What I really dont understand is how a thread about someones friends dogs killing a kitten turns into another first class slanging match about things in no way relevant to the thread


----------



## KathyM (Jan 17, 2009)

Shell195 said:


> Excuse me I have never said the above at all if you care to read back.


You came on here after Fen called me a lying bitch and patted her on the back - if you don't like getting roped in with her, stop "hear hear"-ing when you don't know the facts. I proved that I was telling the truth and you still called me a liar. So yes, you are a bloody sheep.


----------



## Emmaj (Dec 3, 2007)

KathyM said:


> Oh you want to leave it now?
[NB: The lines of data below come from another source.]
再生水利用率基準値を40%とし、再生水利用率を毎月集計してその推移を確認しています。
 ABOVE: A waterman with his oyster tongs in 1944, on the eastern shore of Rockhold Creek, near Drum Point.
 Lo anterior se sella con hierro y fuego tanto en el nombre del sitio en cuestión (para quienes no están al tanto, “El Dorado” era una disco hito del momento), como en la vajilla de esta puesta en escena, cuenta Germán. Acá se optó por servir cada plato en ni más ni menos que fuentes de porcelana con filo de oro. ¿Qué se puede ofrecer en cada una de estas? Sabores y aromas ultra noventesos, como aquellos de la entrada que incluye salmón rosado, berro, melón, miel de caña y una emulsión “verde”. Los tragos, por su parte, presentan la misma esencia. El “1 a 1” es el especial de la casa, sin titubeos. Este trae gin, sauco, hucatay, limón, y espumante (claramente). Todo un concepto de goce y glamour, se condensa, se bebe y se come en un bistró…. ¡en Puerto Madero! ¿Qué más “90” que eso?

You've only proven that I was right that you can criticise people for not being able to take "straight talking" but call in the cavalry and start with the fibs again when that straight talking is about you.
> 
> I haven't lied once about you Emma, Fenwoman said I was lying about you being inspected 4 times - I even got called a "lying bitch" for it. Shell came on and patted her on the back and has called me a liar for saying it too. I QUOTED you when you told me, and I'm STILL getting called a liar for it. I'm quite happy to leave you all to it if it's more important to you all to save face and keep internet buddies than protect animals. You 3 are obviously wrong in the head. You'll admit to saying it, but I'm a liar when I tell people, pmsl. Cuckoo!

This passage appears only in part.